Requirement: Restate, word for word and with no pictures, the stretch of lines in the data below that begins at the line with "Modal embroidered seven" and ends at the line with "2020考研分?jǐn)?s", inclusive.

Material provided:
_ _ _ _ _ _ _

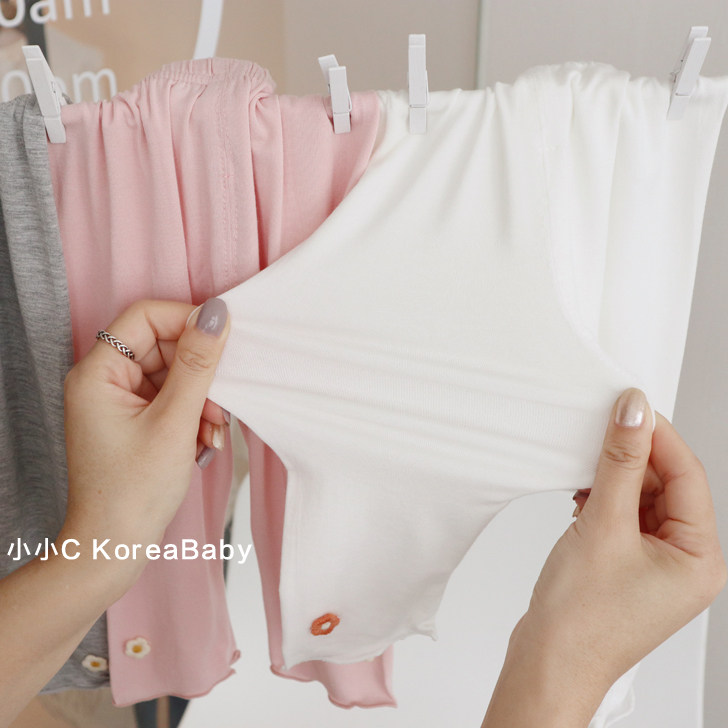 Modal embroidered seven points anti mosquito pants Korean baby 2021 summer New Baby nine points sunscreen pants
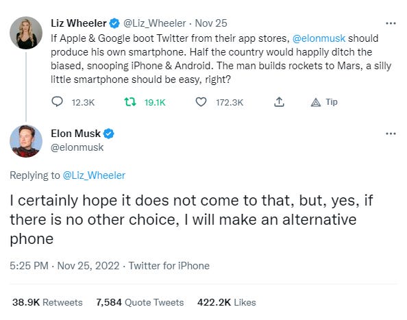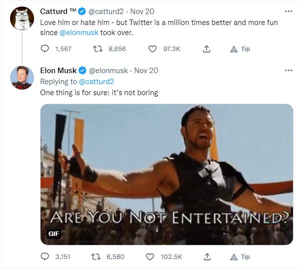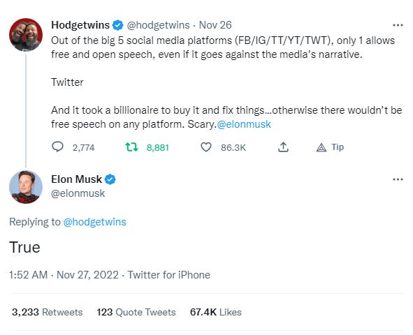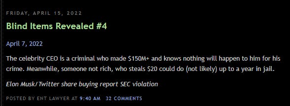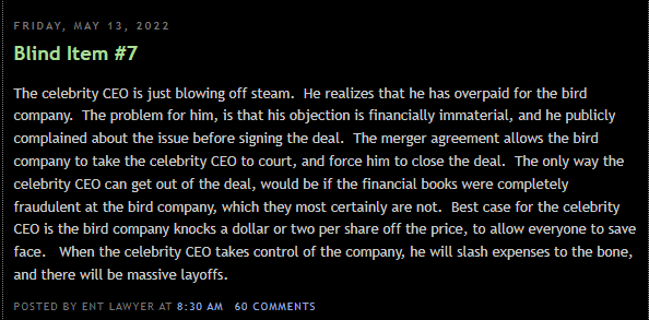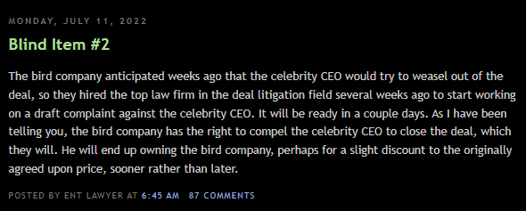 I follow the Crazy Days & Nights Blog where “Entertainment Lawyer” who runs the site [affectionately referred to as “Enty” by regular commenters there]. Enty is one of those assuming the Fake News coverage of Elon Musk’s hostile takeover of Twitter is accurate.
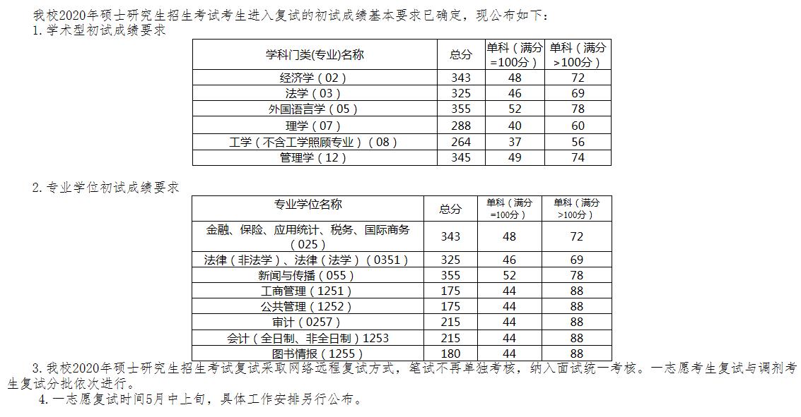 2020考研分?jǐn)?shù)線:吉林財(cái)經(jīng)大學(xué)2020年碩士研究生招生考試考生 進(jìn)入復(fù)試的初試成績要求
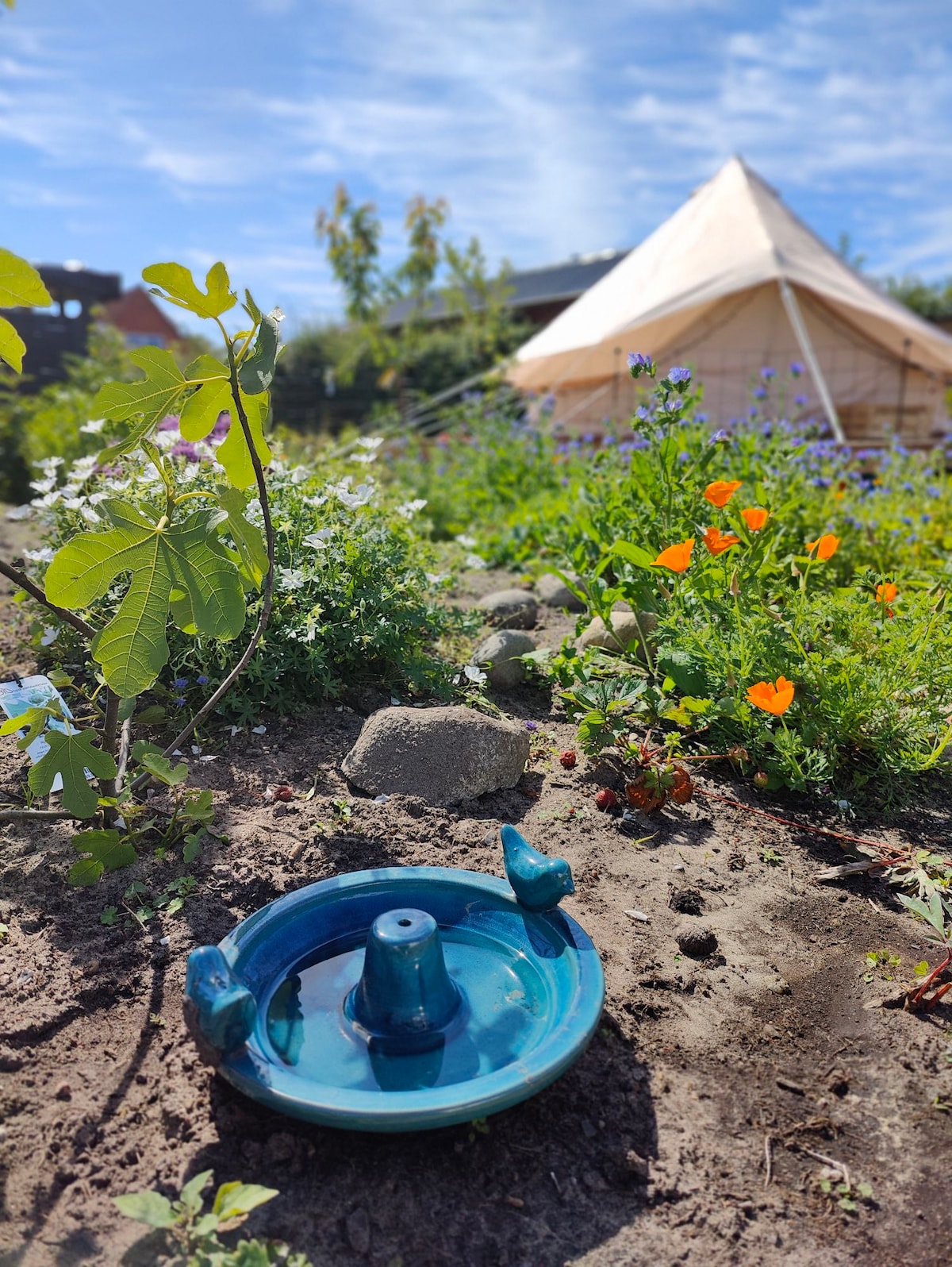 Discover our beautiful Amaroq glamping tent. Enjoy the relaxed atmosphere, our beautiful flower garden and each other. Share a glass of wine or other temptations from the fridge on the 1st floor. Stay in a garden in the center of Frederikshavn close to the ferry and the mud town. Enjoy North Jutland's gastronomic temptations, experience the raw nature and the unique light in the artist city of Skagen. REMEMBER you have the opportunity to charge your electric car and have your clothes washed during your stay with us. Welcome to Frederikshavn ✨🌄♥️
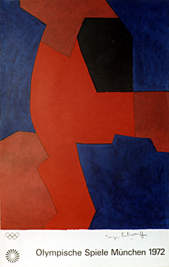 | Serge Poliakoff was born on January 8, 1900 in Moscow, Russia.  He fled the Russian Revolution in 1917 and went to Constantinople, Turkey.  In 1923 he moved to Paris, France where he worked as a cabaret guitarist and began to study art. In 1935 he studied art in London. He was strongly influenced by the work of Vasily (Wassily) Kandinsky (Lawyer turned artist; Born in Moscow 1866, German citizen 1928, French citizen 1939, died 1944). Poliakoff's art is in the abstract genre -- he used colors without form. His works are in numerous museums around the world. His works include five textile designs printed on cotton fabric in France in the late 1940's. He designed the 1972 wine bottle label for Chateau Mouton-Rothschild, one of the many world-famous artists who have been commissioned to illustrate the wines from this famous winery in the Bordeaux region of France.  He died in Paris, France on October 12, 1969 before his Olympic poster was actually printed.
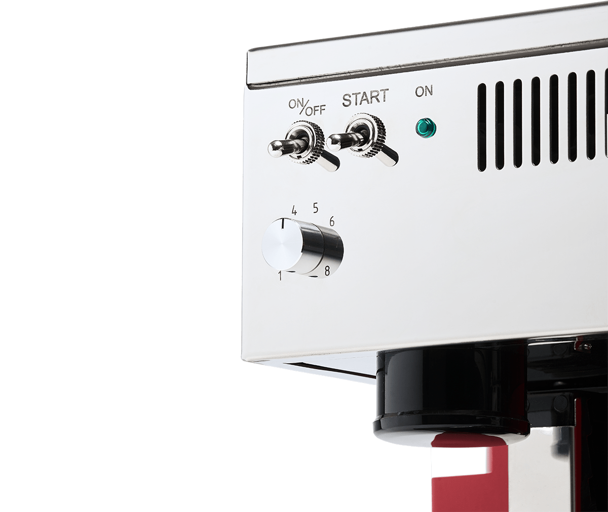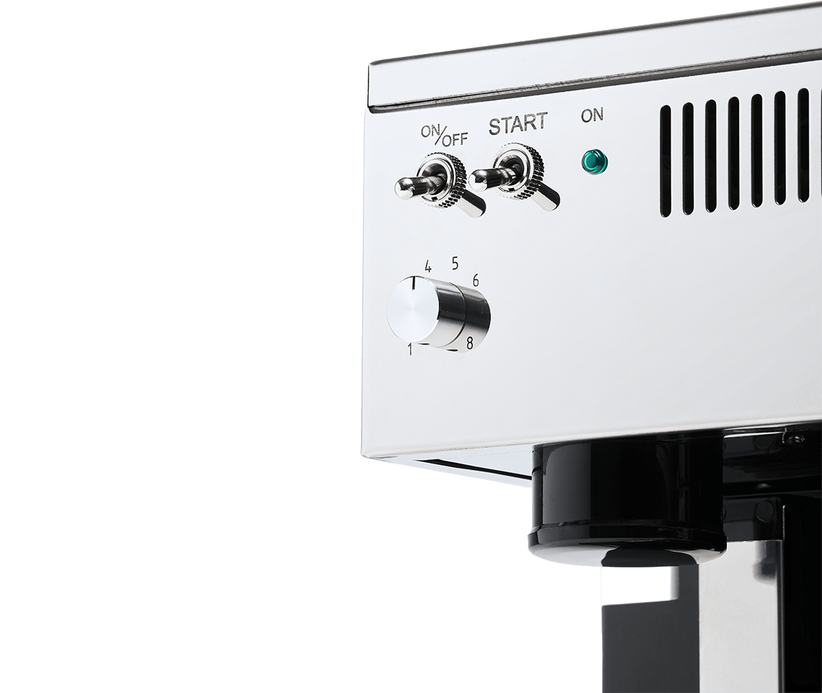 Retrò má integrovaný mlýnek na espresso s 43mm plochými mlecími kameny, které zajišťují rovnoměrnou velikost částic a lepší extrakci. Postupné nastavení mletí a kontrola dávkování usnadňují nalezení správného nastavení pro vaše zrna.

_ _ _ _ _ _ _

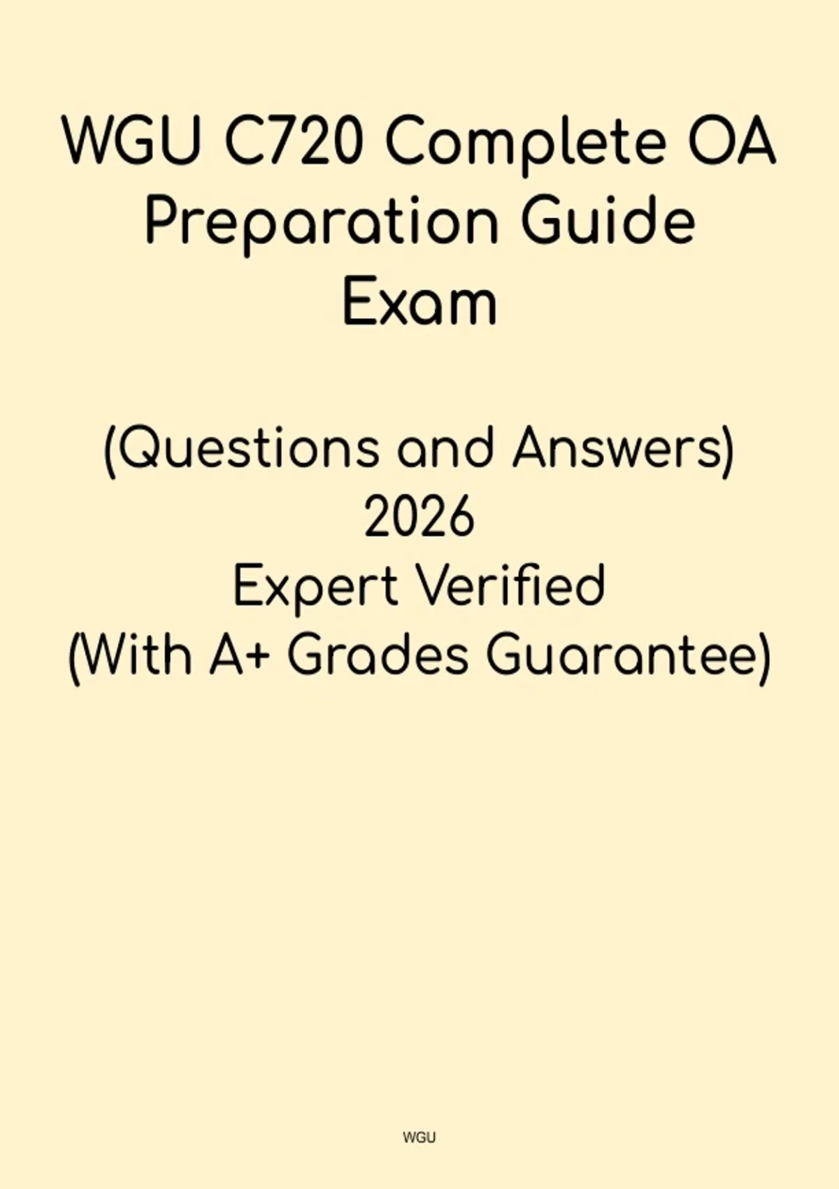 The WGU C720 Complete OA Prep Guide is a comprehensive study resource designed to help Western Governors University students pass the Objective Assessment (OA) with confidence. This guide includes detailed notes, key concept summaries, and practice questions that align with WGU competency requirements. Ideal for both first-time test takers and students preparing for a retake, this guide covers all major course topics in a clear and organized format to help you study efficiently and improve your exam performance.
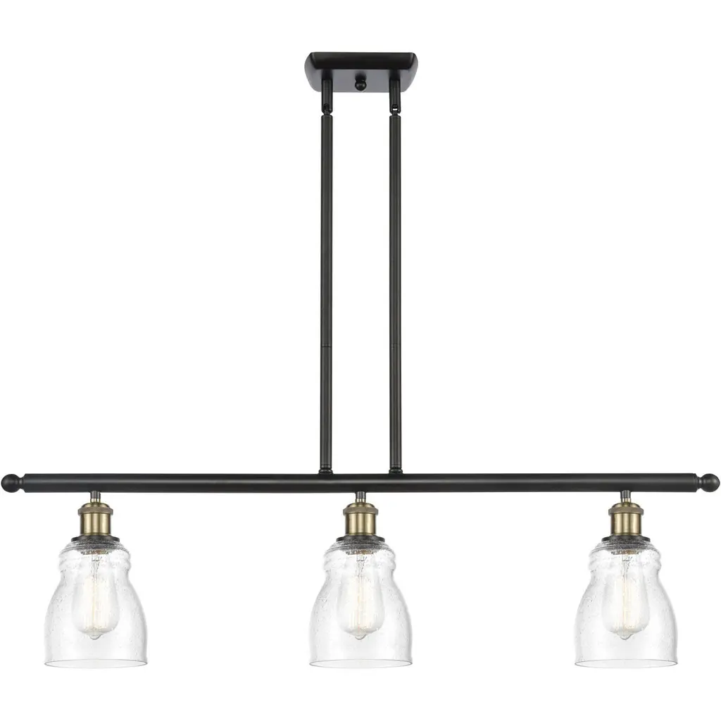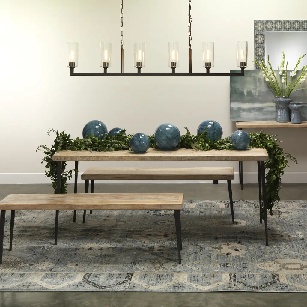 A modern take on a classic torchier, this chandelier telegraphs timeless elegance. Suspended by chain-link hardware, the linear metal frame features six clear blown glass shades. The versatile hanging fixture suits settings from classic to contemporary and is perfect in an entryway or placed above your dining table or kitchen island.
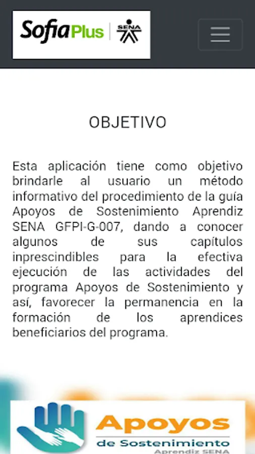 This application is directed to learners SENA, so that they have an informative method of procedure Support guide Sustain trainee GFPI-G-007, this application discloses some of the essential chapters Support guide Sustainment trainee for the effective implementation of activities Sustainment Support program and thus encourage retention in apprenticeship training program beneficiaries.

_ _ _ _ _ _ _

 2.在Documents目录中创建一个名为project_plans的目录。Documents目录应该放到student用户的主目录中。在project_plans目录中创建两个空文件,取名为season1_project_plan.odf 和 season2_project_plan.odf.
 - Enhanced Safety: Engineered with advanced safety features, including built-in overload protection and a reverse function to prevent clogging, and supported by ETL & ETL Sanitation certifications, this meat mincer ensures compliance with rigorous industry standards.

_ _ _ _ _ _ _

Exercise output:
 Modal embroidered seven points anti mosquito pants Korean baby 2021 summer New Baby nine points sunscreen pants
 I follow the Crazy Days & Nights Blog where “Entertainment Lawyer” who runs the site [affectionately referred to as “Enty” by regular commenters there]. Enty is one of those assuming the Fake News coverage of Elon Musk’s hostile takeover of Twitter is accurate.
 2020考研分?jǐn)?shù)線:吉林財(cái)經(jīng)大學(xué)2020年碩士研究生招生考試考生 進(jìn)入復(fù)試的初試成績要求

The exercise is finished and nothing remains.